Published in the Serialization in Java group

Hi! Let's talk about serialization. You probably remember that we've already had lessons on serialization. And so we did :) Here's the first And here's the second. If you don't remember well how serialization works, why serialization is needed, and what tools Java has for serialization, you can run through these lessons. Today's lesson will be about theory. We're going to take a closer look at serialization formats. First, let's recall what serialization is. Serialization is the process of storing the state of an object in a sequence of bytes. Deserialization is the process of restoring an object from these bytes. A Java object can be serialized and sent over a network (for example, to another computer). The sequence of bytes can be represented in different formats. You're familiar with this concept from ordinary computer use. For example, an electronic book (or a simple text document) can be written in a bunch of different formats:

docx (Microsoft Word format);
pdf (Adobe format);
mobi (commonly used on Amazon Kindle devices);
and much more (ePub, djvu, fb2, etc.).

In each case, the objective seems to be the same: present the text in a human-readable form. Still, people have invented a lots of different formats. Without going into the details of their work, we can assume that they had good reasons. Each format has its own advantages and disadvantages compared to the rest. Maybe various serialization formats were created following these same principles? Excellent guess, student! :) That's exactly right. The reality is that sending data over a wire (or wirelessly) is tricky business, and it involves many factors. Who is sending the data? Where to? What volume? Will the recipient be a human or a computer (i.e. should the data be human-readable)? What device will read the data? Obviously, these situations are different. It's one thing to send a 500 KB image from one smartphone to another. And it's a completely different thing if we're talking about 500 terabytes of business data that must to be optimally compressed and sent as quickly as possible. Let's get acquainted with the main serialization formats and consider the advantages and disadvantages of each of them!

JSON

JavaScript Object Notation. You already know a little about this format! We talked about it in this lesson, and we covered serialization into JSON right here. It got its name for a reason. Java objects converted to JSON actually look exactly like objects in JavaScript. You don't need to know JavaScript to understand our object:


{
   "title": "War and Peace",
   "author": "Lev Tolstoy",
   "year": 1869
}

We're not limited to sending a single object. The JSON format can also represent an array of objects:


[
 {
   "title": "War and Peace",
   "author": "Lev Tolstoy",
   "year": 1869
 },

 {
   "title": "Demons",
   "author": "Fyodor Dostoyevsky",
   "year": 1872
 },

 {
   "title": "The Seagull",
   "author": "Anton Chekhov",
   "year": 1896
 }
]

Because JSON represents JavaScript objects, it supports the following JavaScript data formats:

strings;
numbers;
objects;
arrays;
booleans (true and false);
null.

What are the benefits of JSON?

Human-readable format. This is an obvious advantage if your end user is human. For example, suppose your server has a database with a schedule of flights. A human customer, sitting at his computer at home, requests data from this database using a web application. Because you need to provide data in a format that he can understand, JSON is a great solution.
Simplicity. It's super simple :) Above, we gave an example of two JSON files. And even if you haven't heard about JavaScript (let alone JavaScript objects), you can easily understand the sort of objects described there.
The whole of JSON documentation consists of a webpage with a couple of pictures.
Widespread use. JavaScript is the dominant front-end language, and it has its own requirements. Using JSON is a must. Therefore, a huge number of web services use JSON as the data exchange format. Every modern IDE supports the JSON format (including IntelliJ IDEA). A bunch of libraries have been written for all sorts of programming languages to enable working with JSON.

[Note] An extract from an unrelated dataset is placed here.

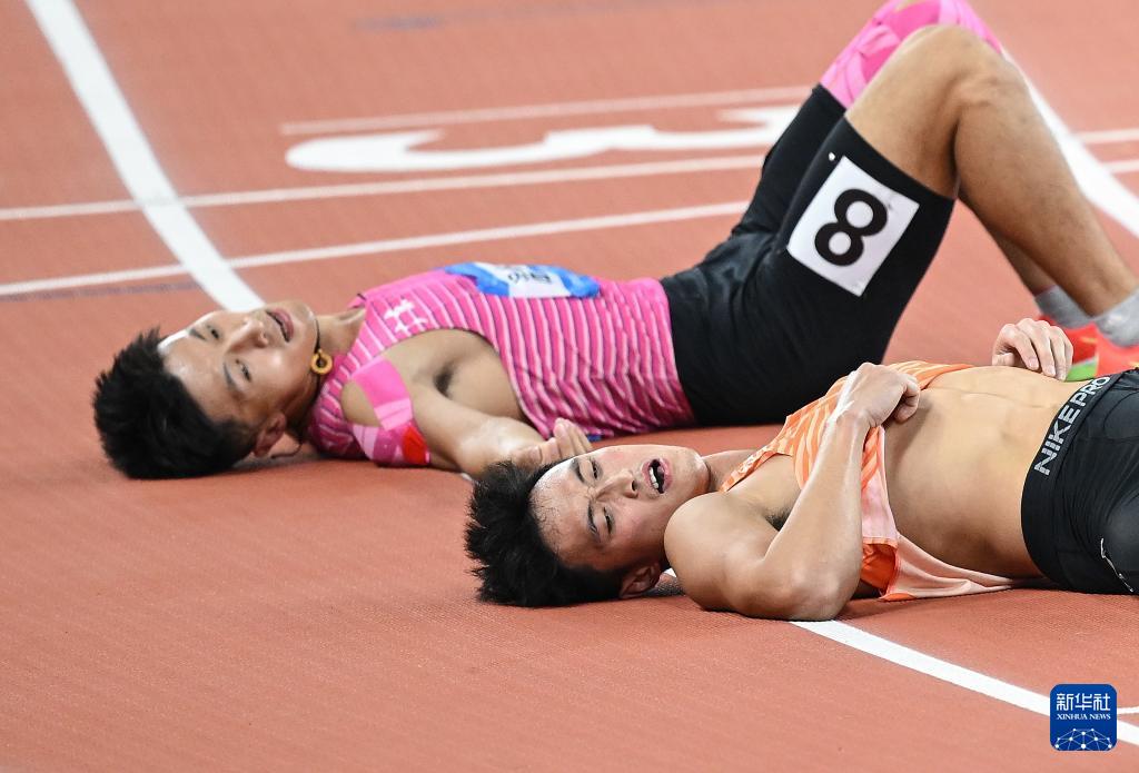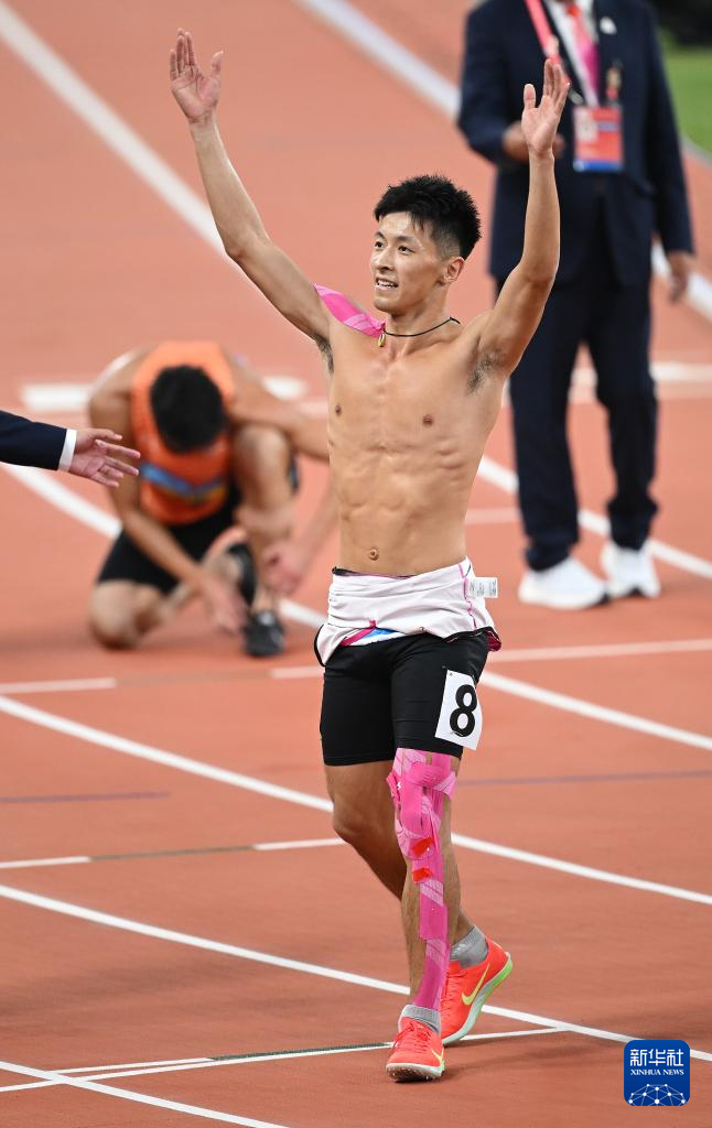 11月16日,浙江队选手华梓惠(前)在比赛后。最终,他获得男子十项全能冠军。

For example, you've already worked with the Jackson library in a lesson where we learned to serialize Java objects into JSON. But besides Jackson, we have, for example, GSON, which is a very convenient library from Google.

YAML

Initially, YAML stood for "Yet Another Markup Language". When it began, it was positioned as a competitor to XML. Now, with the passage of time, YAML has come to mean "YAML Ain't Markup Language". What is it exactly? Let's imagine that we need to create 3 classes to represent characters in a computer game: Warrior, Mage, and Thief. They will have the following characteristics: strength, agility, endurance, a set of weapons. Here's what a YAML file describing our classes would look like:


classes:
 class-1:
   title: Warrior
   power: 8
   agility: 4
   stamina: 7
   weapons:
     - sword
     - spear
    
 class-2:
   title: Mage
   power: 5
   agility: 7
   stamina: 5
   weapons:
     - magic staff

 class-3:
   title: Thief
   power: 6
   agility: 6
   stamina: 5
   weapons:
     - dagger
     - poison

A YAML file has a tree structure: some elements are nested in others. We can control nesting using a certain number of spaces, which we use to denote each level. What are the advantages of the YAML format?

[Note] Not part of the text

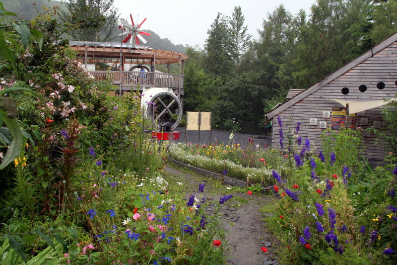 Machynlleth, an old market town of slate walls, bridges and buildings, is entirely fitting for a winter fair. Now, there’s an amazing seven-acre Centre for Alternative Technology (in Welsh, Canolfan y Dechnoleg Amgen) close to town that draws a lot of visitors. It’s grown to be more of an eco-centre, demonstrating sustainable development. Created in 1973, it was inspired by the book Small Is Beautiful, A Blueprint for Survival. They teach about organic farming, and have wonderful gardens and a great cafe. The site was the Llwyngwern Slate Quarry from the 1800s. You can still see the aerial ropeway and steam engine that lifted out waste rock from the pit.

Human-readable. Again, even seeing a YAML file without a description, you can easily understand the objects that it describes. YAML is so human readable that the website yaml.org is an ordinary YAML file :)
Compactness. The file structure is created using spaces: there's no need to use brackets or quotation marks.
Support for native data structures for programming languages. The huge advantage of YAML over JSON and many other formats is that it supports various data structures. They include:
- !!map
  An unordered set of key-value pairs that cannot have duplicates;
- !!omap
  An ordered sequence of key-value pairs that cannot have duplicates;
- !!pairs:
  An ordered sequence of key-value pairs that can have duplicates;
- !!set
  An unordered sequence of values that are not equal to each other;
- !!seq
  A sequence of arbitrary values;
You will recognize some of these structures from Java! :) This means that various data structures from programming languages can be serialized into YAML.
Ability to use anchor and alias

These markers allow you to identify some element in a YAML file, and then refer to it in the rest of the file if it occurs repeatedly. An anchor is created using the symbol &, and an alias is created using *.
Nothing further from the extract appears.